NSA/Palantir recommended subscription sets: The NSA and Palantir have published WEF subscription files optimized for security monitoring at:
- https://github.com/nsacyber/Event-Forwarding-Guidance
- https://github.com/palantir/windows-event-forwarding
These include pre-built XPath queries for the most security-relevant event categories, organized into baseline, verbose, and custom tiers.

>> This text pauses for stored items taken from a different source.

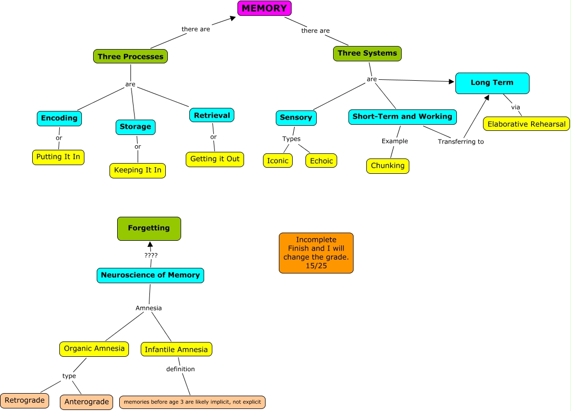 This Concept Map, created with IHMC CmapTools, has information related to: Rutledge - Ch 6 15, Neuroscience of Memory ???? Forgetting, Short-Term and Working Transferring to, via Elaborative Rehearsal, Neuroscience of Memory Amnesia Infantile Amnesia, Three Processes are Retrieval, Organic Amnesia type Retrograde, Three Systems are Short-Term and Working, Neuroscience of Memory Amnesia Organic Amnesia, Three Processes are Storage, Sensory Types Iconic, MEMORY there are Three Systems, Sensory Types Echoic, Retrieval or Getting it Out, Encoding or Putting It In, Three Processes are Encoding, Infantile Amnesia definition memories before age 3 are likely implicit, not explicit, Short-Term and Working Example Chunking, Three Processes there are MEMORY, Three Systems are Sensory, Storage or Keeping It In
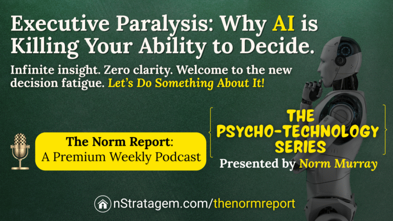 In this gripping episode of The Norm Report – Psycho-Technology Series, Norm Murray dissects a hidden crisis in the C-suite: how AI, with its endless forecasts and algorithmic certainty, is quietly eroding executive confidence. From predictive overload to optimization traps, today’s leaders face a silent epidemic of indecision, and most don’t even know it’s happening.
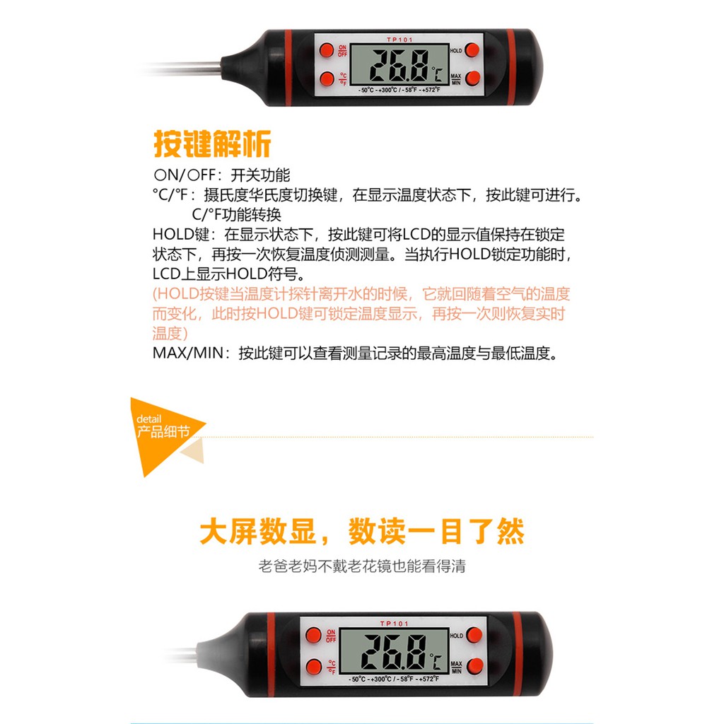 Multi-functions--Celsius (°C) Fahrenheit (°F) free conversion, -50+300 degree range, available for cooling, heating, home kitchen
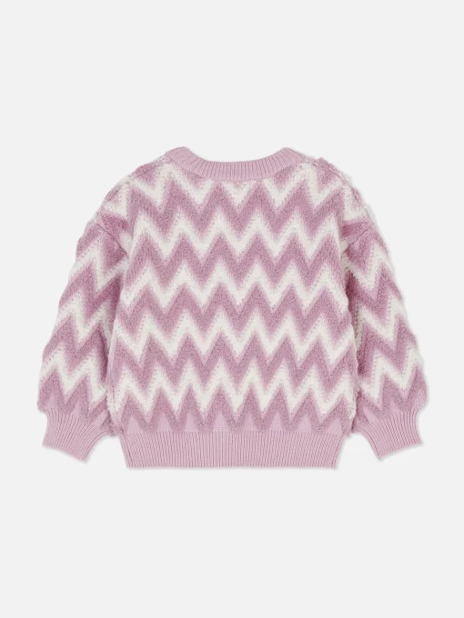 Zig-Zag Pattern Fluffy Knit Sweater

Step 4: Forward WEC Events to a SIEM
The WEC server's 'Forwarded Events' log can be read by any log shipper and forwarded to your SIEM.
Option 1: Winlogbeat (Elastic Stack)
# winlogbeat.yml on the WEC server
winlogbeat.event_logs:
- name: ForwardedEvents
ignore_older: 72h
event_id: 4624, 4625, 4648, 4662, 4688, 4720, 4728, 4740, 4769
processors:
- add_fields:
target: ''
fields:
source_type: wef_collected
output.elasticsearch:
hosts: ["https://elasticsearch:9200"]
index: "wef-security-%{+yyyy.MM.dd}"
Option 2: NXLog (flexible, multi-destination)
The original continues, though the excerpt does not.